University of Virginia Health System

Email Address: mgb4n@virginia.edu

A central objective of current research in the laboratory is aimed to examine, identify and characterize molecular and cellular mechanisms of innate immunity and antiviral host defenses.  Classical genetics strategies are a mainstay for the research program as genetic diversity in common laboratory strains of mice clearly affects innate immune responses toward viruses and consequently may also contribute to variation in host disease resistance or susceptibility traits.  Identification of major alleles, sculpted through natural selection (genetic diversity), that affect innate immune control (resistance alleles), a lack of immune control (susceptibility alleles), or altered or even dysfunctional immune control (potential autoimmune disease alleles), will undoubtedly foster our understanding of the immune system and should also lead to new potential targets for therapeutic interventions. Two major research project areas established in the lab are detailed below.
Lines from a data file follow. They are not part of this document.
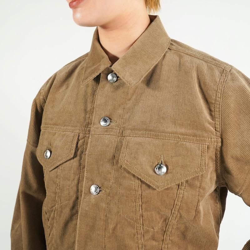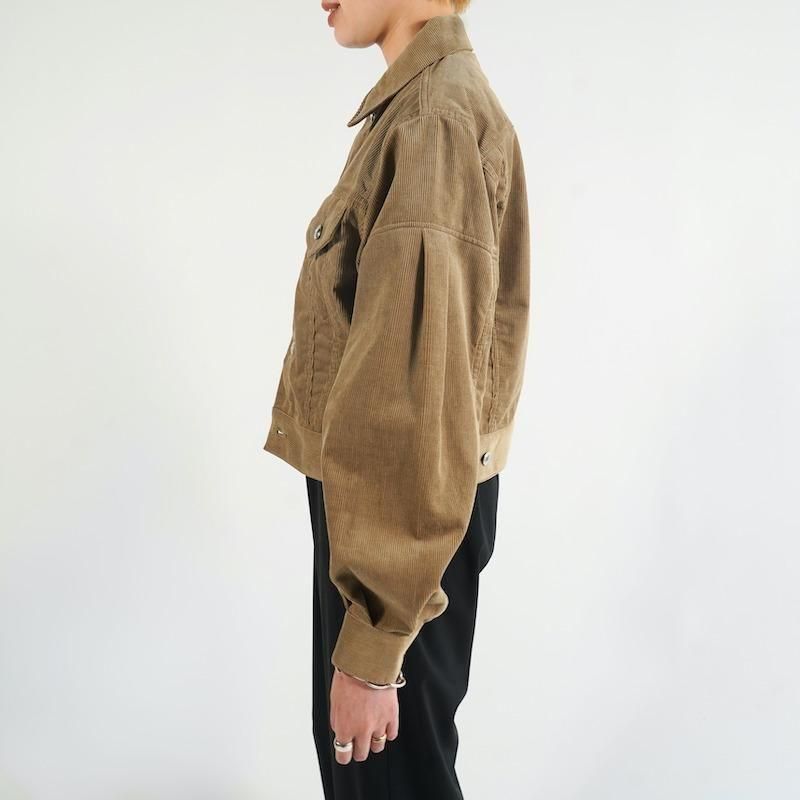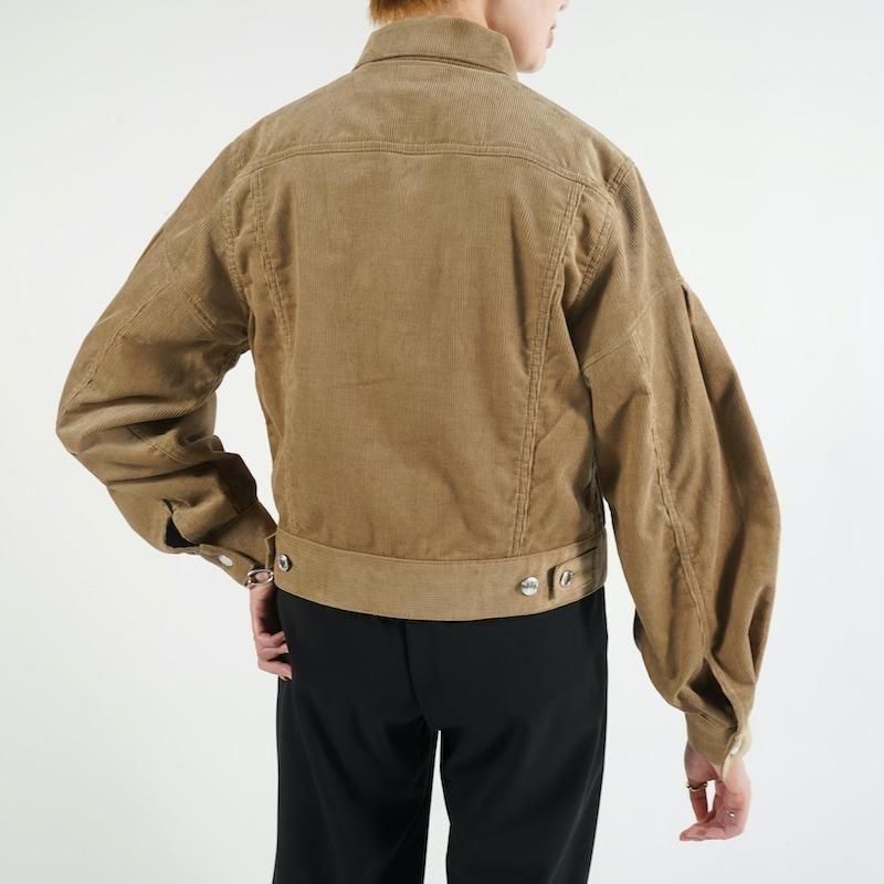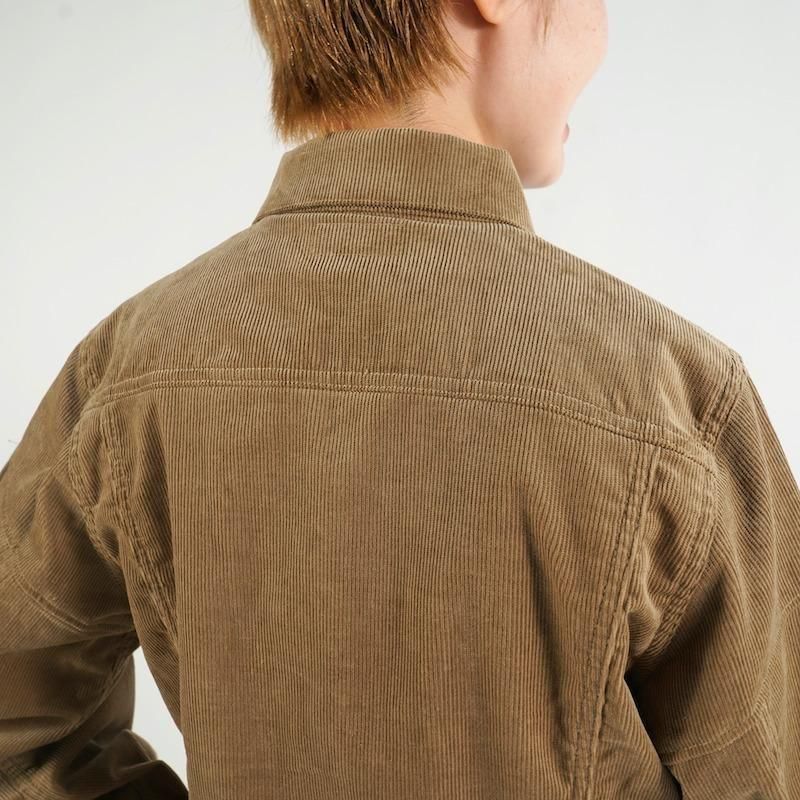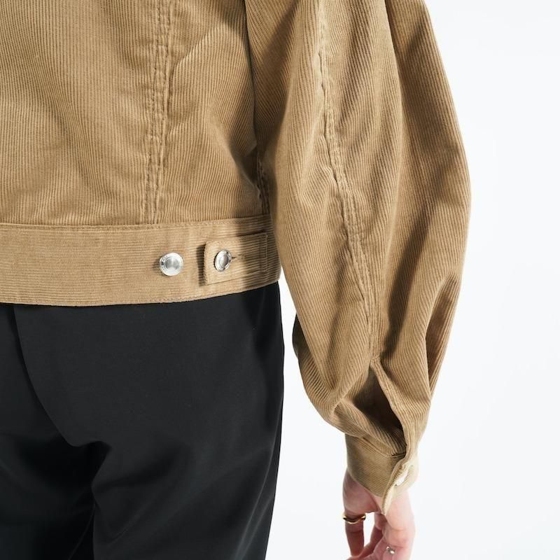 コットン100%の柔らかなコーデュロイ素材を使用した<ハイク>のジャケット。通常よりもパイルの間隔を広く設計し、毛足を短めにカットしているのでユーズドライクな表情に仕上がっています。後ろ身頃にサイドプリーツを入れた、こなれ感あふれるビッグシルエットも特徴。カジュアルなデザインながら、ボリューミーなバルーンスリーブが女性らしさを演出する一着です。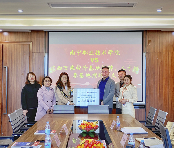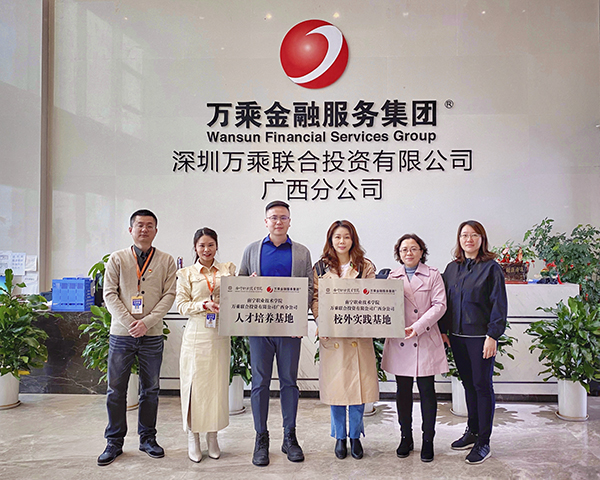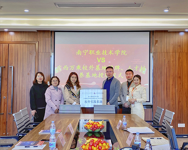2022年3月23日下午15点30分,昨日的雨水带了些许凉意,今日的骄阳犹如万乘的热情、带着掌声、笑声迎来了南宁职业技术学院财经学院为广西万乘授牌“校外实践基地”、“人才培养基地”。标志着双方在专业建设、实训基地建设、人才培养等多个方面合作关系的正式建立。广西万乘总经理谭运鹏、人事经理杨爱舅、业务主管巫蓉欢,南宁职业技术学院财经学院院长张小春,财经学院金融专业负责人莫嘉玲,财经学院金融团队教师王丽君出席了本次仪式。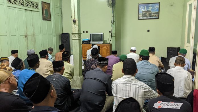 Magetan,seputarjatim.co.id-Puluhan santri dan masyarakat sekitar terlihat khusuk mengikuti Mujahadah dan sholawat yang dipimpin kyai Ali Rohmat.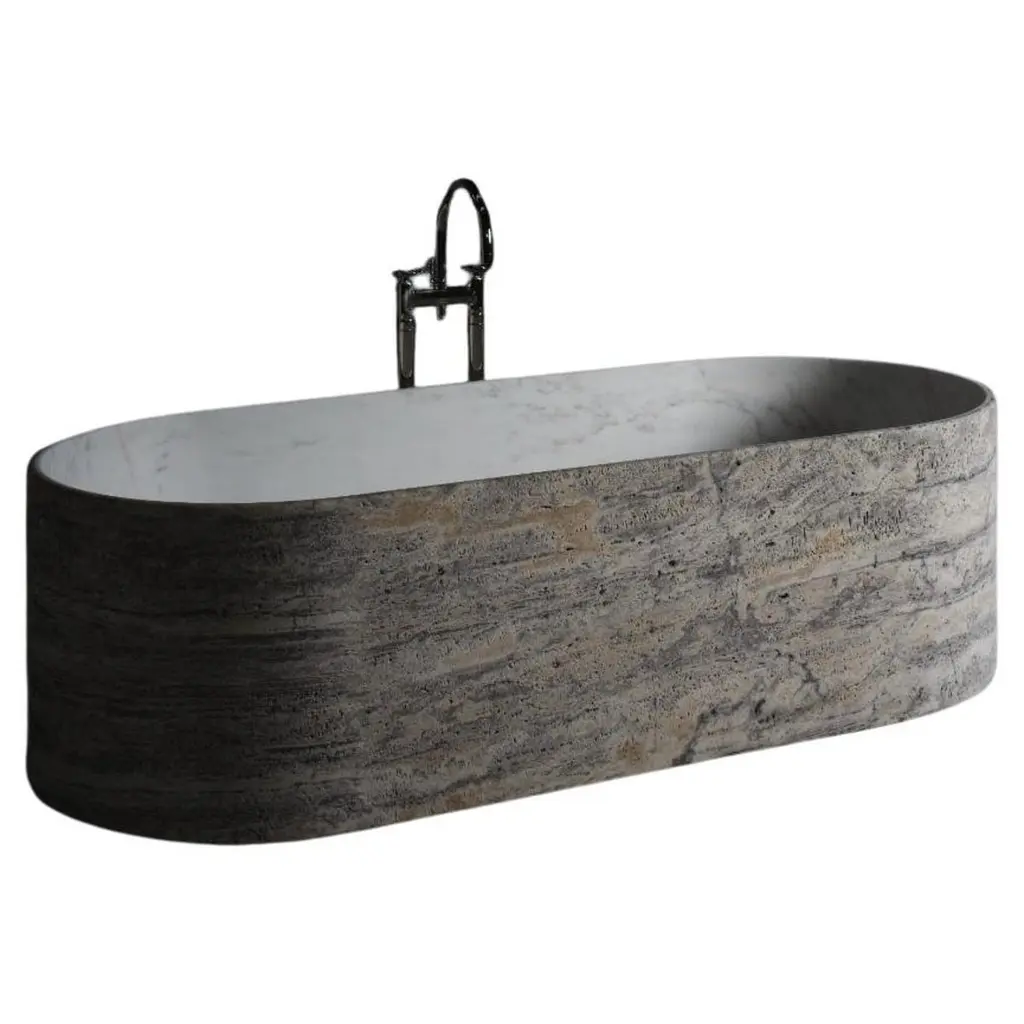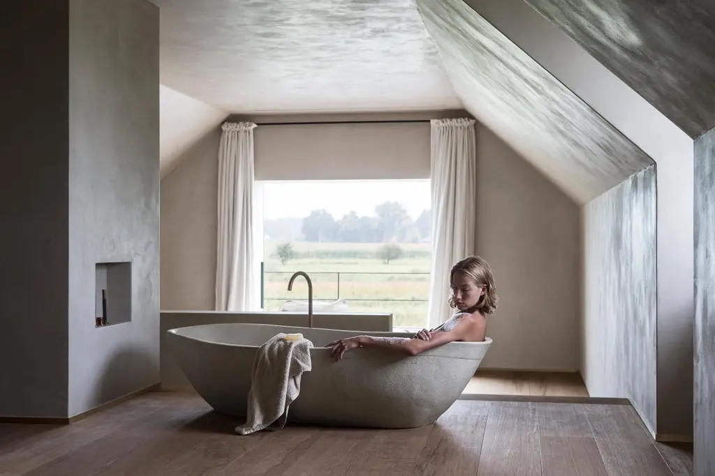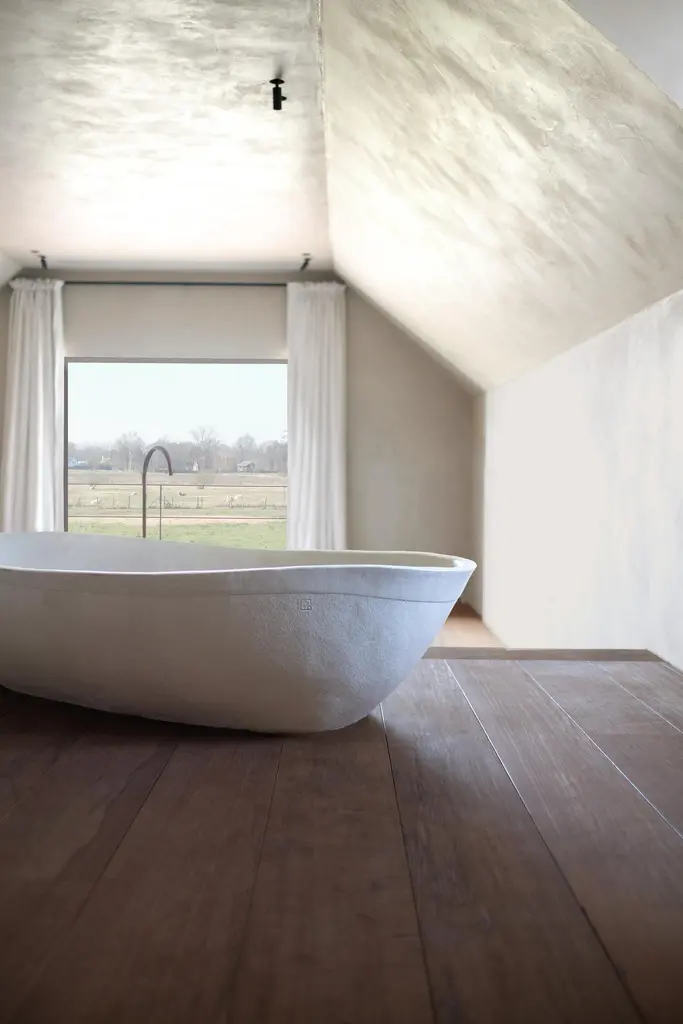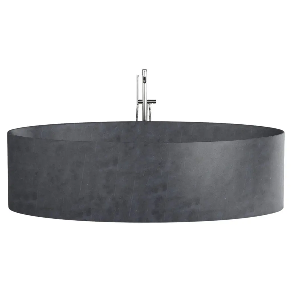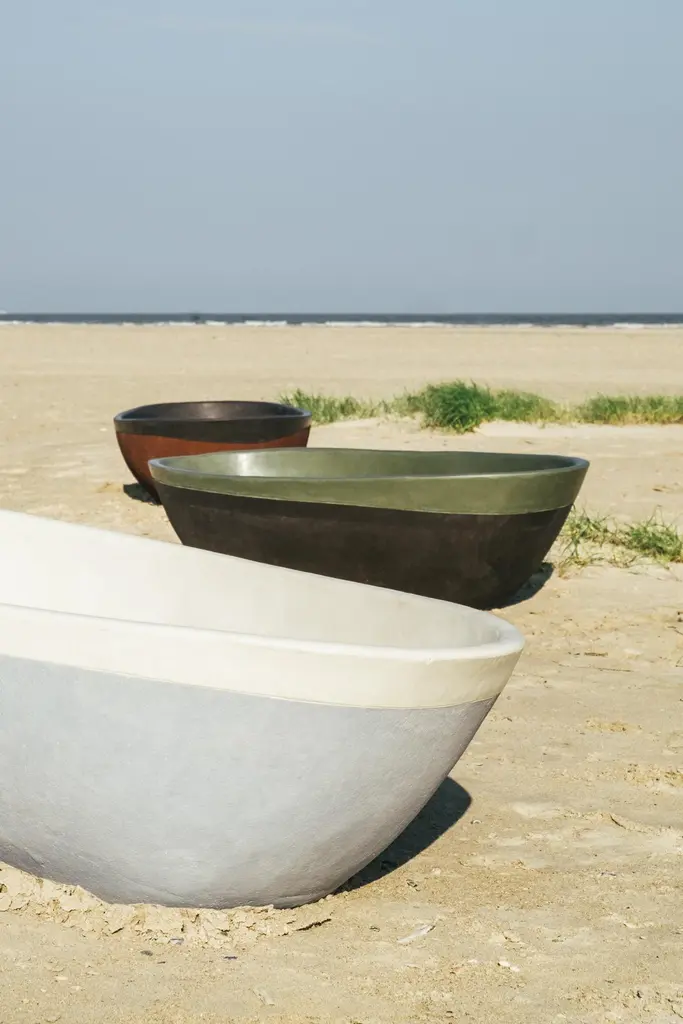 Large clay bathtub by Studio LohoDimensions: D 90 x W 160-165 x H 42 cmMaterials: clayOther colors and raw or smooth exterior available.Available in 4 sizes: W 160 x H 42(Large), W 160 x H 53(Large High), W 180 x H 42(X-Large), W 190 x H 53(X-Large High)The baths are entirely made of clay and are available in a wide range of colours or can be produced bespoke. The exterior of the clay can be raw or smooth according to preference, the interior of the baths is finished with a layer of smooth, silky lime plaster for maximum comfort. Due to the production process every piece is unique in size and form.Studio LoHo is a Belgian design office located in Bruges, Belgium. Founded in the autumn of 2017 by Karel Loontiens and Jo Hoeven, the studio focused from the beginning on high-end bespoke interior projects which forms an ideal matrix for product - and material design that is both innovative and durable. In current times there’s no more room for influx of disposable products, it is our studio’s goal to strive for design that will last and will be cherished for multiple generations.The introduction of the first collection “clay series” fully articulated the DNA of the newborn Studio and led to their international breakthrough. The appreciation of materials reflects their unique view on interior design with a strong and recognizable signature. Soon after, the collection was expanded on request by other architects and designers with new sinks and bathtubs.Other collections of lighting, sofa’s and tables followed. While not only paying attention to the actual design, the studio concentrated also on the production process to be lean and therefore guarding the cost structure. This resulted in organizing the production process under their own supervision.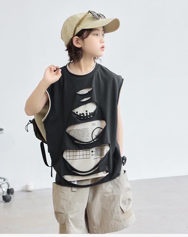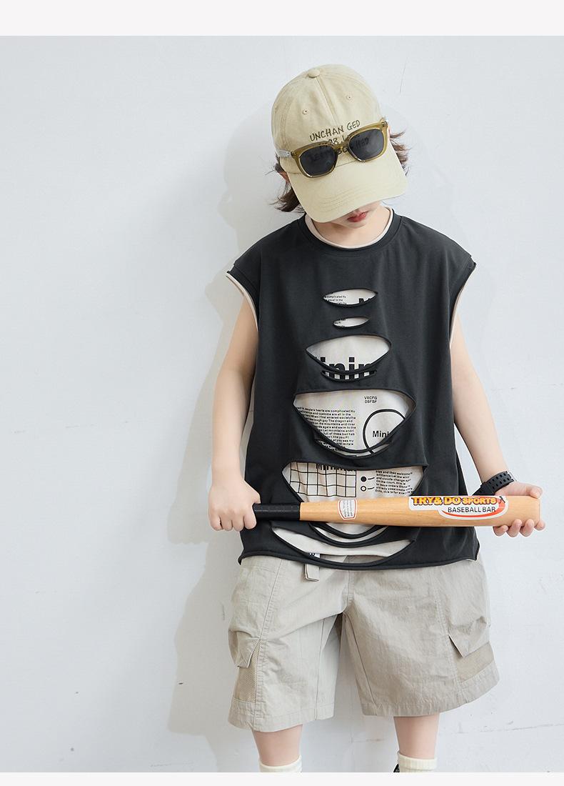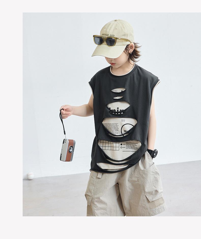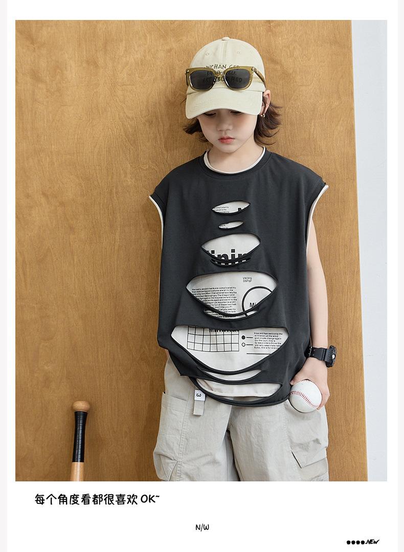 Camiseta Regata Masculina Verão 2025 Novo Estilo Roupa Infantil Camiseta Regata de Verão Infantil Tops Infantis da Moda

Virus Immunity Research ­ Microbiology, Immunology and Infectious Disease

Natural killer cells are well known for efficient recognition and killing of virus infected cells.  Their intrinsic value is highlighted because they contribute in innate immunity against a wide range of pathogens, including RNA and DNA viruses. In fact, NK cells in humans and mice have a major role in controlling herpesvirus infections.  Previous work from our lab and others has shown that NK cells in C57BL/6 mice require Ly49H activation receptors to control murine cytomegalovirus (MCMV) infection.  Ly49H is now known to recognize MHC class I-related ligands on infected cells that are encoded and expressed by MCMV’s m157 gene.  Further study of NK cell-mediated virus immunity in the lab now focuses on MHC-dependent (H-2k) MCMV resistance since a mechanistic understanding for this mode of innate virus protection is still vague.  Genetic mapping strategies and later identification of candidate virus resistance or susceptibility alleles is a major research objective that should enhance our understanding of MHC-dependent innate virus immunity, NK cell recognition of virus infected cells, and also viral immune evasion mechanisms.  Because human NK cells also display NK cell KIR receptors for MHC class I molecules and some KIR / MHC I allele combinations correlate with disease progression rates in HCV or HIV virus infected patients, these studies might also yield important insights into the role of human NK cells in virus infections.

Viral Pathogenesis Research ­ Immunity and Inflammation

We have shown that immune competent systemic lupus erythematosus (SLE-) prone NZM2328 mice display marked sialadenitis during acute MCMV infection when virus levels are elevated (d.14-28) in the salivary glands.  Later, when viral latency is established in most MCMV-infected NZM2328 females (typically by d. 56 after infection), a qualitative shift from diffuse to focal inflammation in salivary and lacrimal glands occurs that is marked by lymphocyte aggregation in periductal foci, some with lymphocytes segregated into lymphoid-like structures.  Additionally, we have shown that salivary gland function is also significantly compromised in NZM2328 mice at discrete times after infection.  Interestingly, these features are similar to those observed in Sjögren’s Syndrome (SS) patients who display exocrine gland dysfunction.  Thus, virus-induced sialadenitis in NZM2328 mice might prove useful in modeling SS or SS secondary to HCV infection.  To extend our work and to investigate a potential role for genetic factors in virus-induced exocrinopathy, similar studies are underway in genetically-related inbred strains of mice.  Future research is therefore aimed to investigate the genetic and cellular basis for virus-induced inflammation and exocrine gland dysfunction in this model system.